How to extract important variables from random forest model using varImpPlot in R?




While building a random forest model on the dataset from the Kaggle problem ‘bike-sharing-demand’ I used to varImpPlot to see the important variables in my model->

fit <- randomForest(logreg ~ season+weather+temp +humidity +holiday+workingday+atemp +m+ hour + day_part+ year+day_type + windspeed, data=train,importance=TRUE, ntree=250)

and I get->

I can see that the topmost variable is the most significant but what is the difference between these two plots? They have different values on different positions. Which one to follow while selecting the significant variables?



The first graph shows that if a variable is assigned values by random permutation by how much will the MSE increase. So in your case if you randomly permute the year (i.e. an observation which had year =2014 but you randomly assign the year = 2012 (if that is present in your bagged sample) and so on) the MSE will increase by 100% on an average. Which make sense that bike demand may have increased in recent years. Higher the value, higher the variable importance.

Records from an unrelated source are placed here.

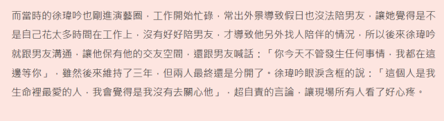 于其他女生而言,男友对自己不忠,她们肯定想方设法大吵大闹,让对方心生歉意。但徐玮吟却没有,她开始反省自己对这份感情的付出。因为演艺圈工作繁忙,她要常出外景,导致并没有时间陪伴男友,她认为,男友出轨的行为是人之常情。为此她也积极与对方沟通,表示并不妨碍男友的交友空间:“你今天不管发生任何事情,我都在这边等你。”但这段感情只维持了3年,毕竟破碎的感情如镜子一般,修复后还会有裂痕。对此,徐玮吟认为这份爱情被断送,原因全在自己身上:“这个人是我生命里最爱的人,我会觉得是我没有好好去关心他。”她声泪俱下地讲出这番自责的话实在令人心疼。
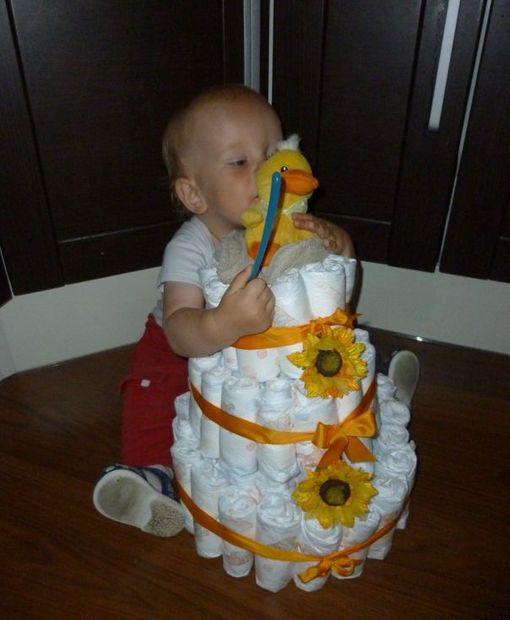 Zde je můj syn Šimon, který tak rád omrkne každý můj plenkový výtvor, co má na tu chvilinku při focení. :-)
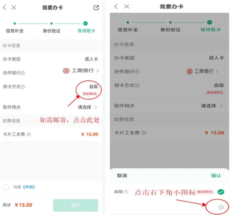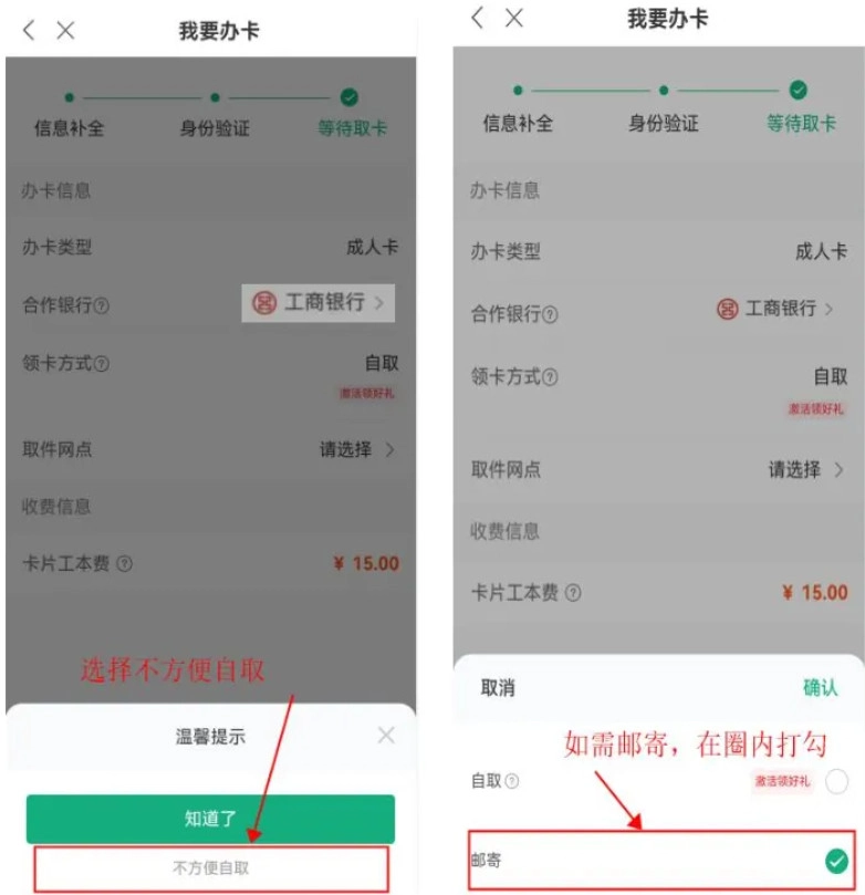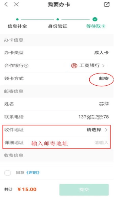 选择合作银行、领卡方式-选择邮寄需填写邮寄信息

On the other hand, Node purity is measured by Gini Index which is the the difference between RSS before and after the split on that variable.

Since the concept of criteria of variable importance is different in two cases, you have different rankings for different variables.

There is no fixed criterion to select the “best” measure of variable importance it depends on the problem you have at hand.

Since I am expecting this to be a time series data you should look at %IncMSE as you cannot randomly permute any year/day/hour to predict the demand for bikes.